North Dakota water treatment plant reports March ransomware attack

A water treatment plant serving the city of Minot, North Dakota, was hit with ransomware two weeks ago.

City officials confirmed the incident to Recorded Future News but said the water treatment plant and all facilities related to the city’s water system remained operational and safe at all times. 

“There was no direct ask for money and there was no direct interaction beyond a letter on a screen. All necessary local, state and federal reports have been made,” Jennifer Kleen, the city’s public information officer, said.

When asked if the group had identified itself, Kleen said the letter on the screen “is now in FBI custody and becomes a part of any investigation they may pursue, so further details about the letter would need to come from them.”

The FBI did not respond to requests for comment about the letter.

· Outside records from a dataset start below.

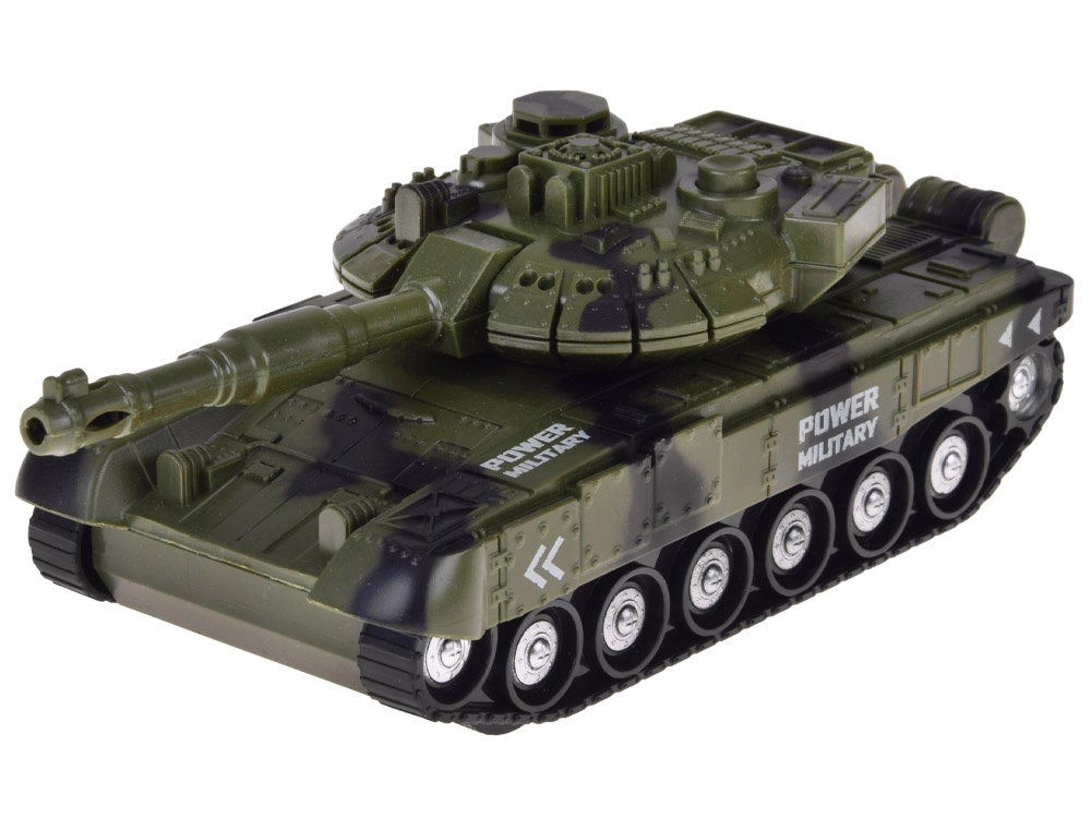Realistický tank v maskáči s detailnými pásmi a otočnou vežou posilní zážitok z taktických bitiek a obranných misií.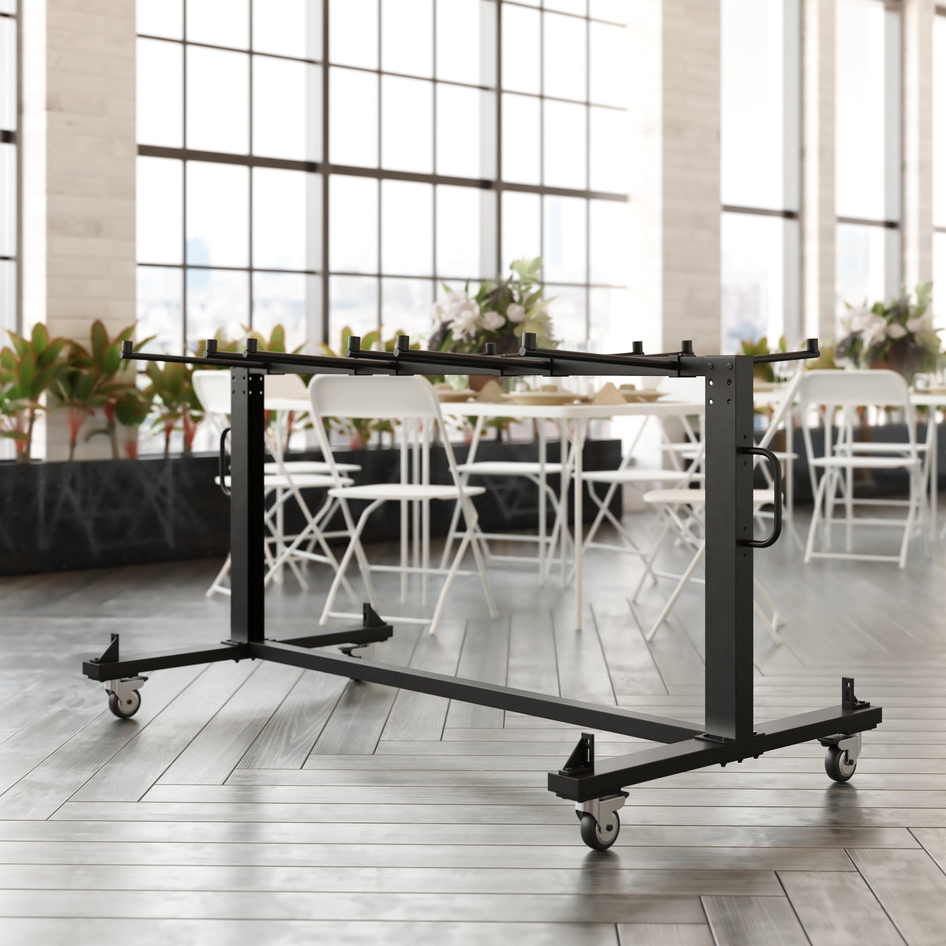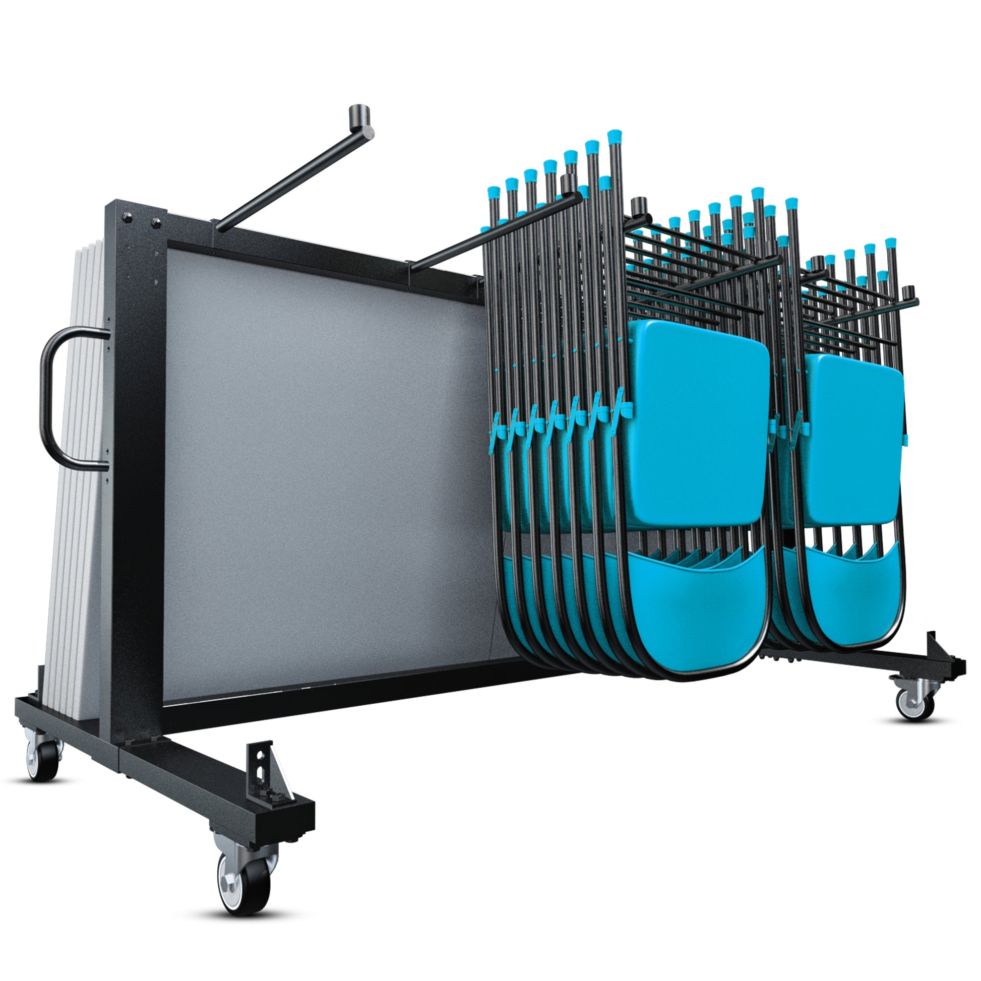 Hawkins Heavy Duty Folding Table and Chairs Mobile Cart-Locking Wheels, 42 Folding Chairs and 12 Tables Capacity, Black Dimensions: 70.25"W x 33.5"D x 47"H
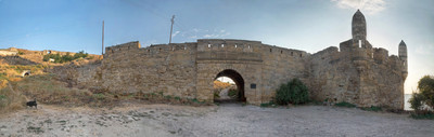 Рассвет на крепости Ени-Кале. Крепость в Крыму на берегу Керченского пролива, построена османами в начале XVIII века. Название в переводе с турецкого языка означает «новая крепость». Август 2016 год. Керчь, Республика Крым, Россия. |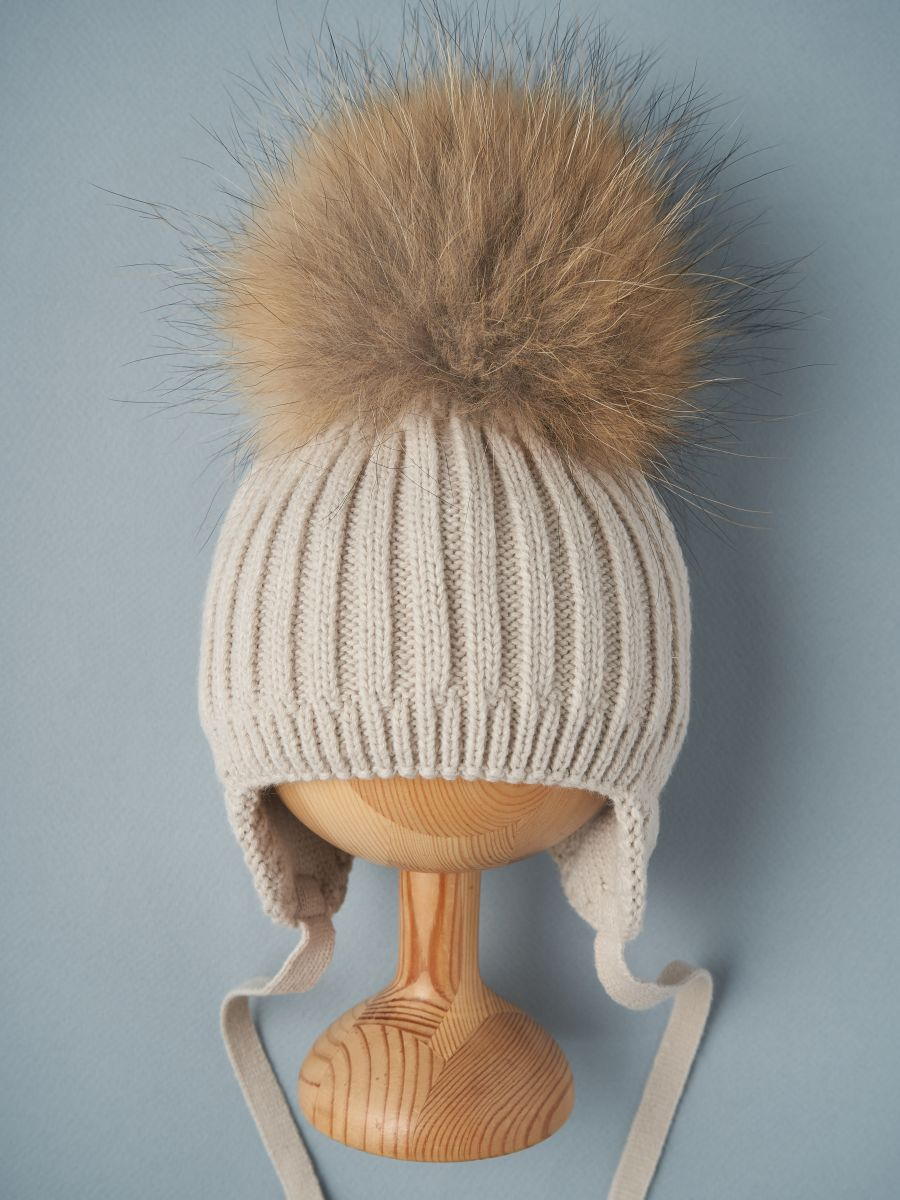 Зимняя шапочка с подкладой из флиса и натуральным бумбоном из меха енота.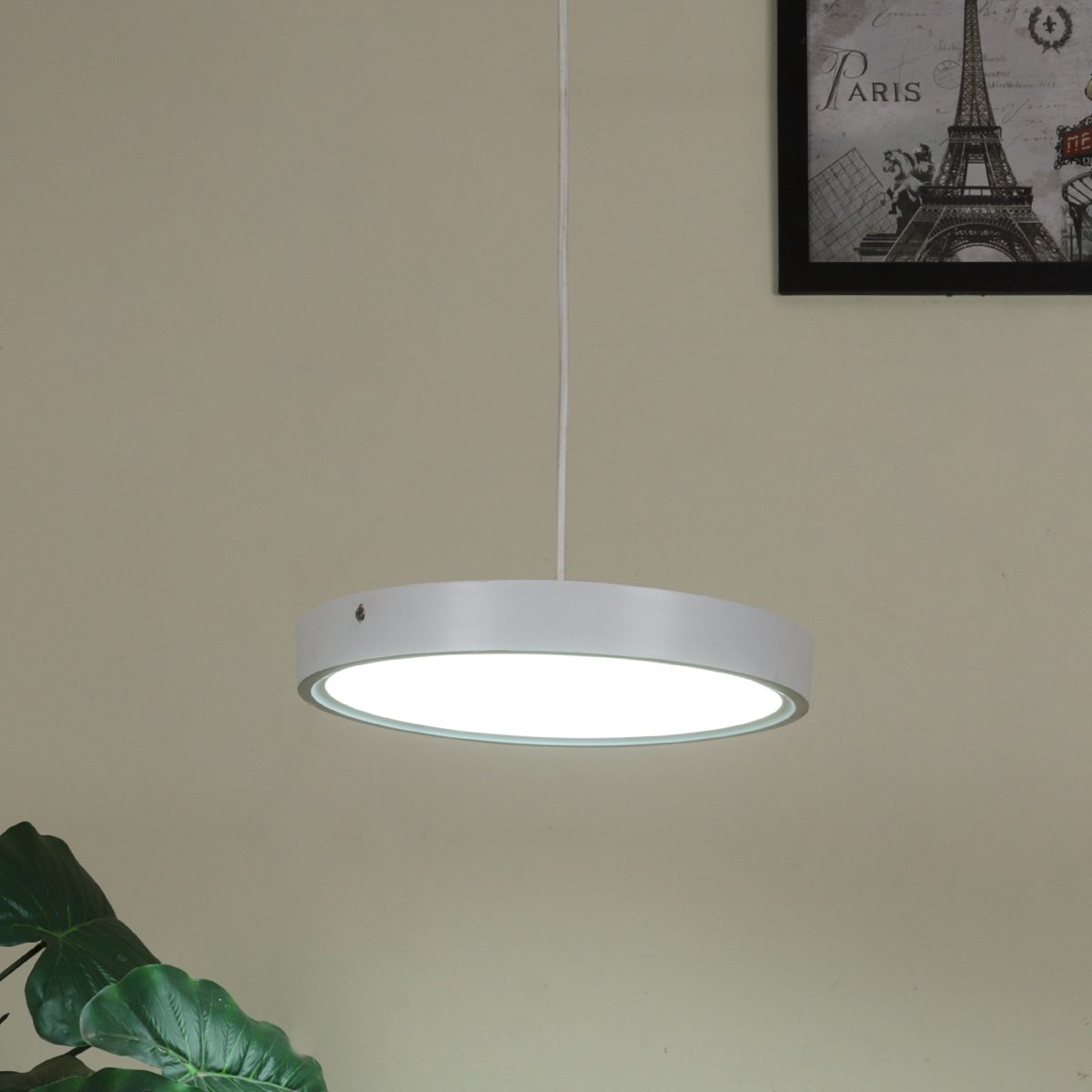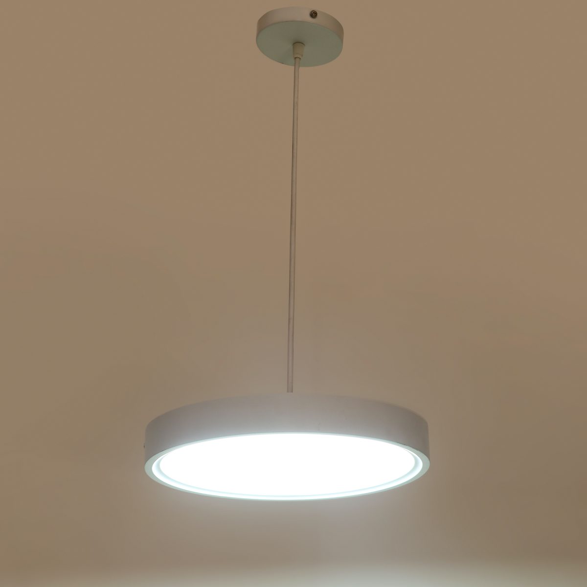 Powder coated white, modern, round, 24W single LED hanging light having high quality LED and driver with high success rate having less than 0.5% replacement. It is one of the best selling product. . The suspension can be adjusted at time of installation to the desired height. Application includes both residential and commercial premises wherever it matches with your interiors. Can be made available in cluster of multiple quantities against order.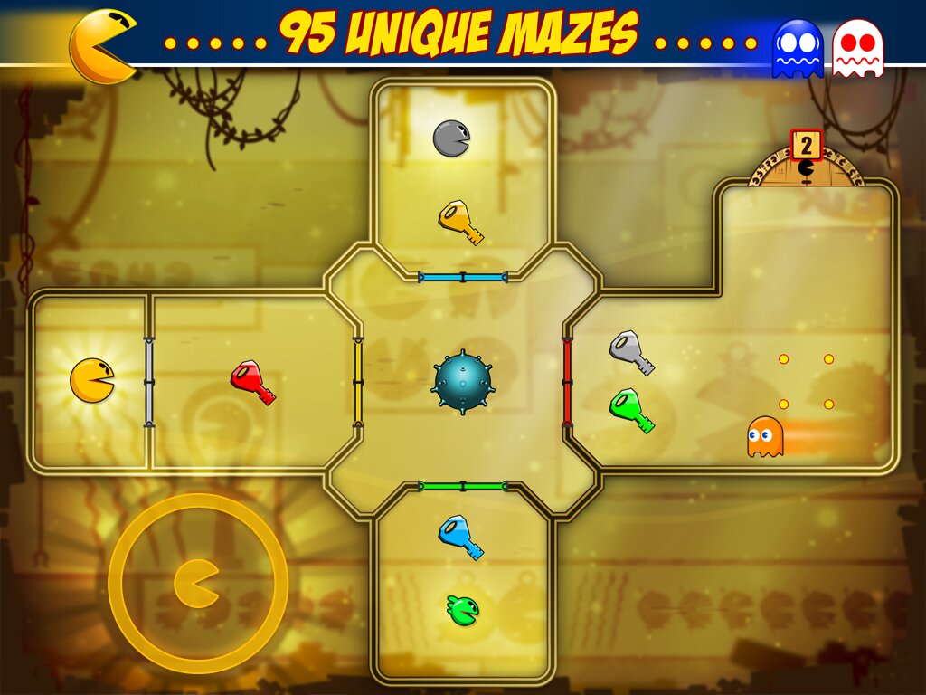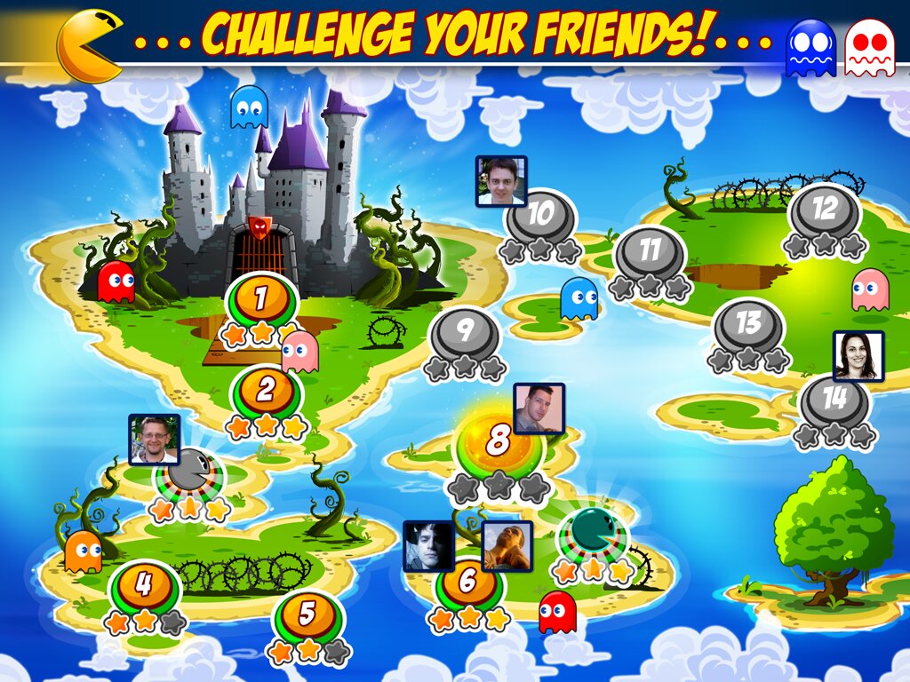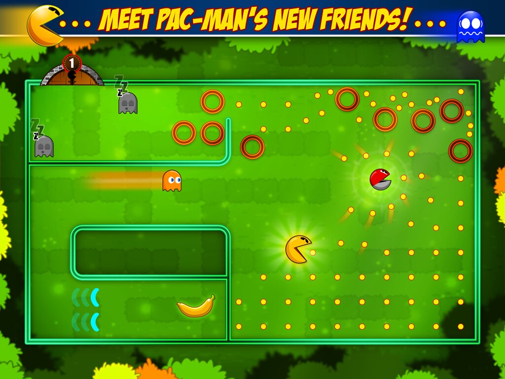 Pac-Man friends — знаменитый Пэк-Мэн, герой классической игры, снова в деле! Теперь он должен освовободить своих друзей из замка призраков. Все более сложные лабиринты ожидают Вас на каждом новом уровне этой игры для Андроид. Избегайте старых врагов Пэк-Мэна, призраков Блинки, Инки, Пинки и Клайда. Если они поймают героя, то он потеряет жизнь. В случае опасности используйте разнообразные бонусы. Например, на время поменяйтесь местами с монстрами и съешьте врагов! Или используйте замедлитель времени. Пройдите все уровни и освободите 8 друзей.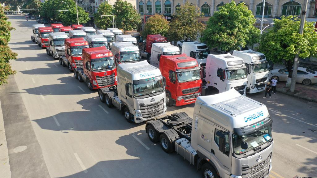重型卡車在龍州縣水口口岸等待通關(guān)出口。(龍州縣融媒體中心供圖)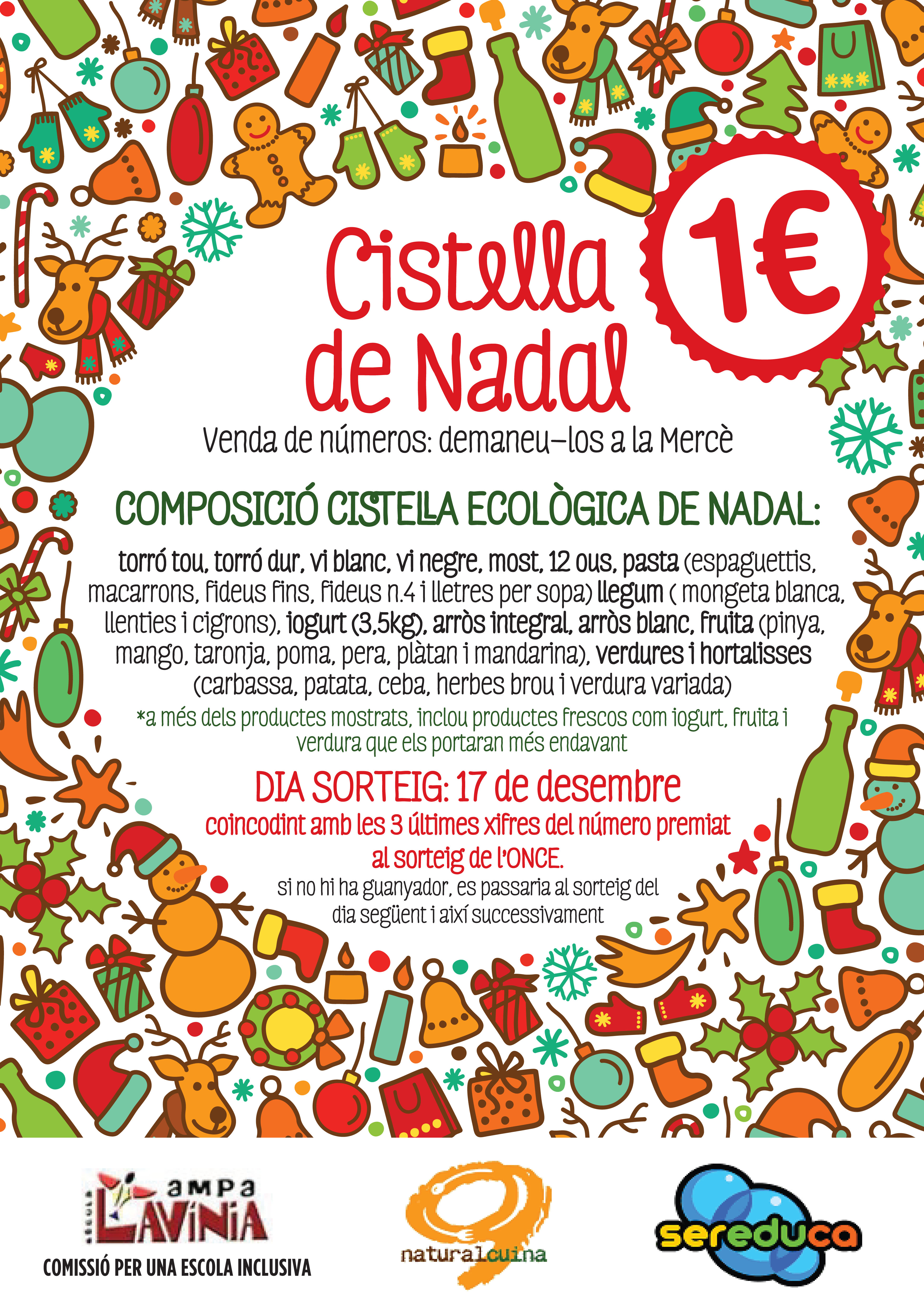 Aprofitem aquesta entrada al bloc per recordar-vos que, com d’altres anys, l’AMPA sorteja una Cistella de Nadal. Els productes que la componen provenen d’una aportació gratuïta de 9NATURAL CUINA, l’empresa que ens proporciona l’alimentació a l’Escola. Els beneficis que se n’obtinguin es destinaran a les activitats d’Educació Especial (suport als infants, monitors acompanyants) que gestiona la Comissió per una Escola Inclusiva de l’AMPA. El preu és d’1€ per número, i els podeu comprar a la Mercè. El sorteig serà el dia 17 de desembre i es farà coincidir amb les 3 últimes xifres del número premiat al sorteig de la ONCE. En cas que no s’hagi venut el número premiat, passarà al sorteig del dia següent, i així successivament fins que hi hagi un guanyador.

A notice from the government of Minot, which has a population of about 50,000 and is the state’s third-largest city, said the ransomware attack was discovered on March 14. 

City officials unplugged the affected server and conducted manual procedures for about 16 hours, which involved frequent, on-location checks of water gauges. 

“During this event, we had two goals: To be sure our water remained safe, and to ensure proper pressure was maintained in all water storage facilities. Both goals were accomplished thanks to a timely response from all departments involved,” the letter said.

Water utilities have faced a barrage of cyberattacks from cybercriminals and nation-state groups over the last two years due in part to a lack of funding for security measures. While some states have sought to provide funding alongside more stringent cybersecurity regulations, water industry lobbyist groups previously fought federal efforts to institute basic cybersecurity rules.

The issue has grown in prominence in light of recent nation-state campaigns from Iran and China targeting the water sector over the last two years. 

Federal officials and cybersecurity experts have quietly expressed concern about a potential increase in water utility cyberattacks from Iran given that hacking groups connected to the Islamic Revolutionary Guard Corps  were responsible for a campaign targeting U.S. water utilities in 2023 and 2024. 

While the incidents were largely defacements of utility technology, federal officials warned at the time that the attackers may use their access to the devices as a way to gain deeper network level access that would allow them to cause physical damage to equipment or worse.